Third of disability centres ‘failing on safeguarding standards’
Hiqa report finds improvement in disability care centre sector over last five years
State agency Hiqa carried out 743 inspections last year
Nearly a third of centres for people with disabilities are falling short of safeguarding standards for residents, a Health Information and Quality Authority (Hiqa) review has found.
The watchdog published a five-year review of disability centre inspections on Tuesday.
Hiqa said overall the sector was not compliant with almost a quarter of regulations at the end of last year.
However, over the past five years inspectors had seen a “significant shift towards compliance” with standards, the report said.
The State agency carried out 743 inspections last year. It has powers to effectively close substandard facilities if repeated and serious failings are not addressed.

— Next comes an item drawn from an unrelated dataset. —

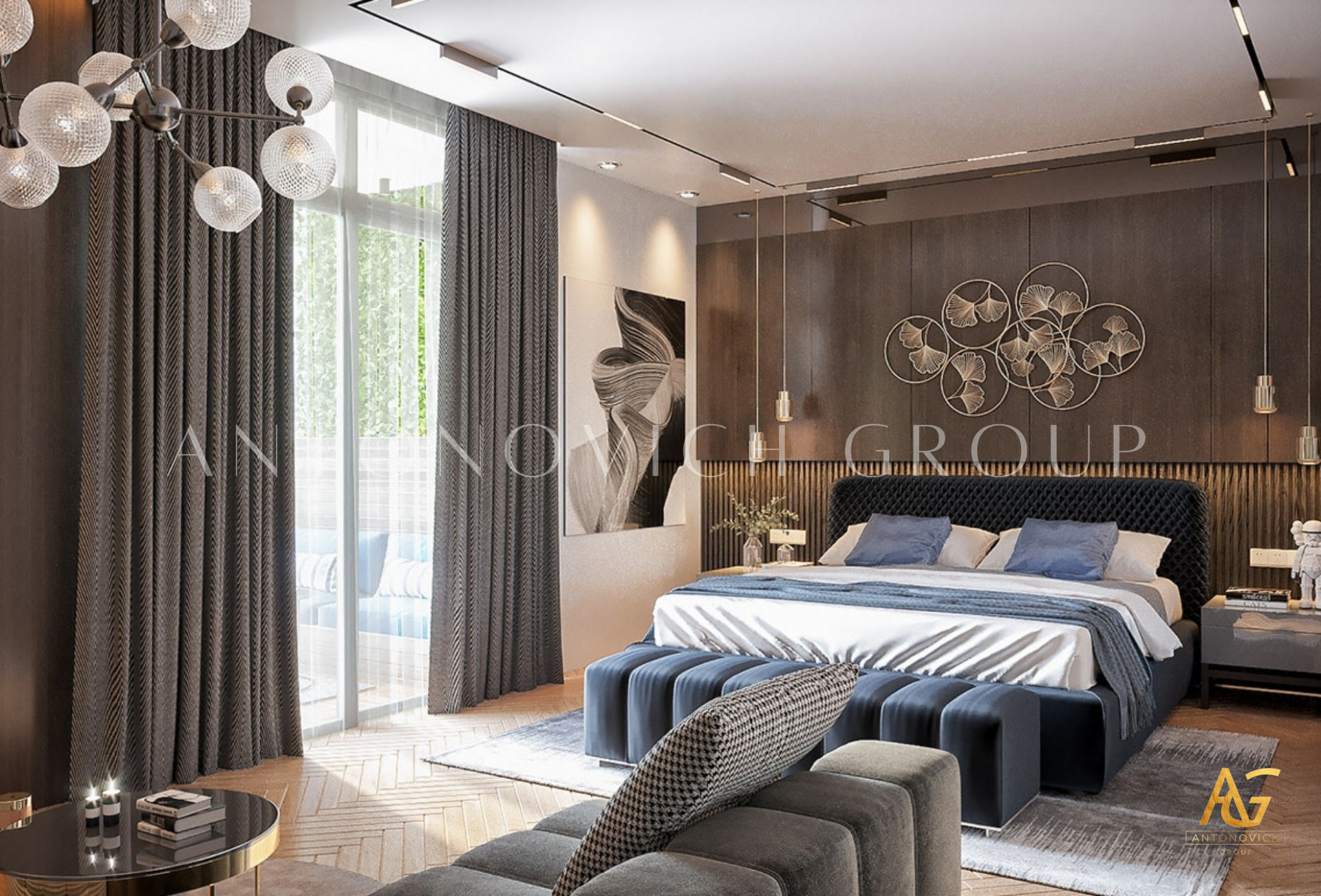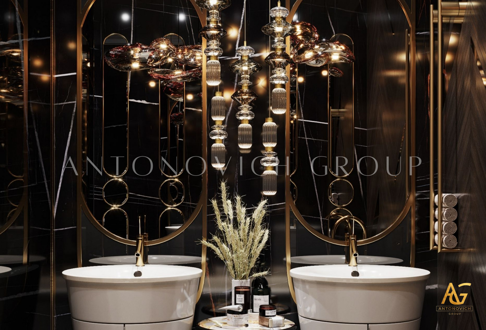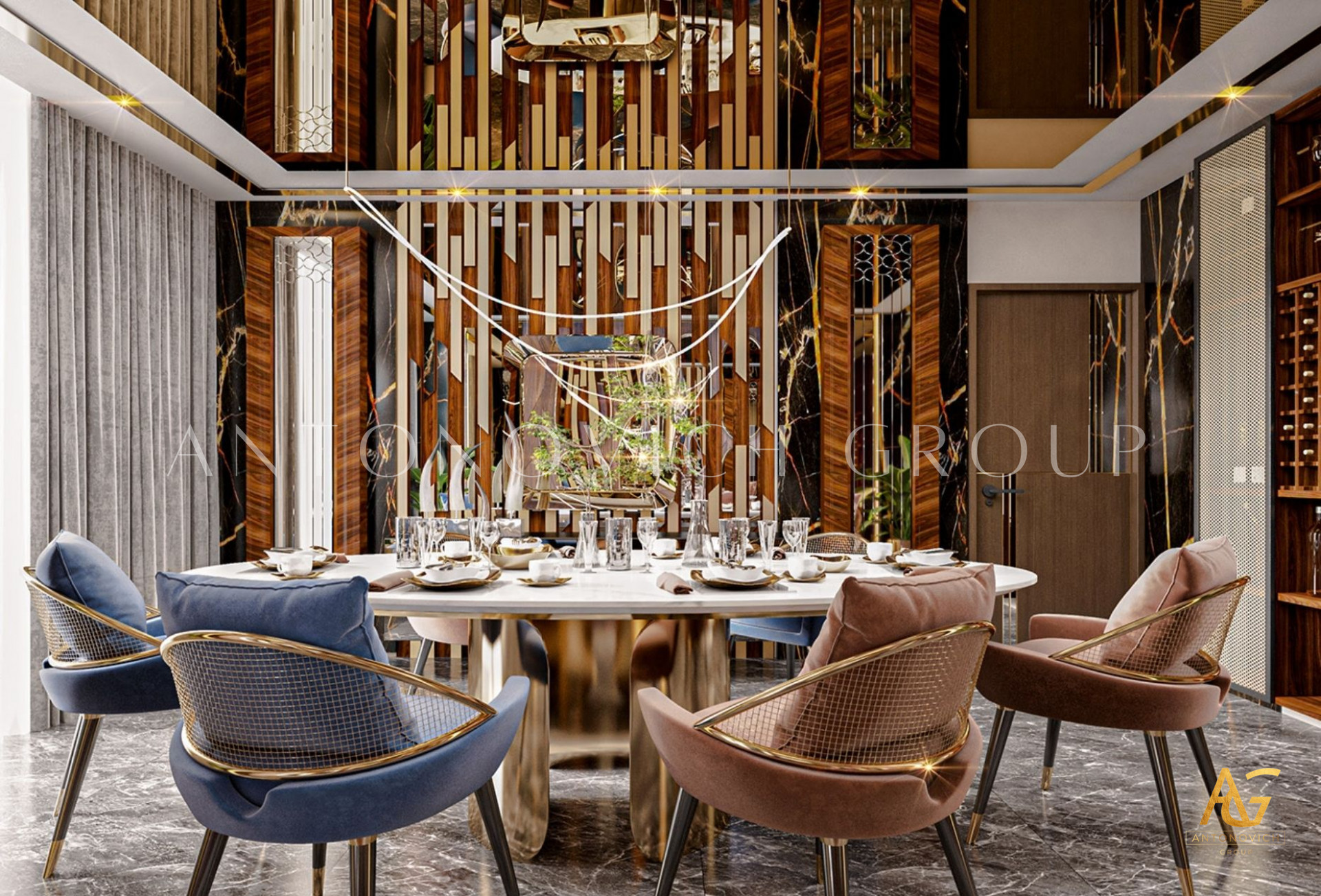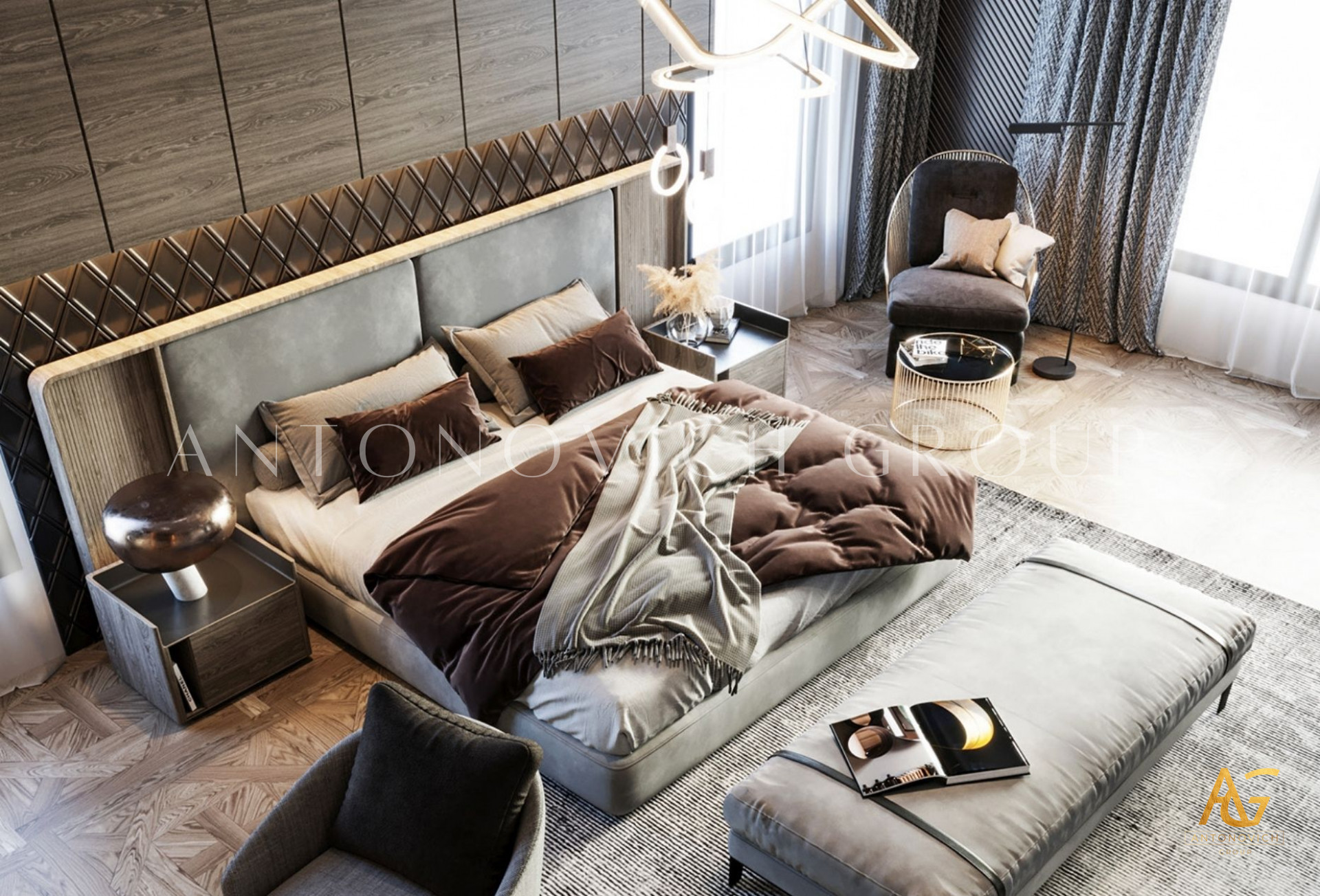 One of the nicest aspects of this luxury Dubai villa design plans is the overlooking high-ceiling. The arrangement is fantastic, as you can see from the second story. To complete the overall wonderful atmosphere of the luxury Dubai villa design plans, stunning furniture designs, beautiful accents, and high-quality materials were employed. Everything was put together to create a sumptuous atmosphere that is really stunning. In the completion of this luxury Dubai villa design plans, Luxury Antonovich Design examined two things: defining the overall aesthetic of the space and determining the primary places for furniture arrangement.

In November 2016 binding new regulations for the sector were due to be introduced. However, due to concerns nearly 350 centres would fall significantly short of the standards and be ordered to close, the deadline was extended by two years.
“Almost one in three centres inspected failed to ensure that residents were adequately safeguarded at all times in 2018,” the report said.
One common problem was tensions between residents living together in centres that did not have private rooms, the report said. “This may result in verbal and or physical aggression between residents due to their incompatible living arrangements,” it said.
The report criticised the lack of specific safeguarding legislation to cover vulnerable adults, compared to existing child-protection laws.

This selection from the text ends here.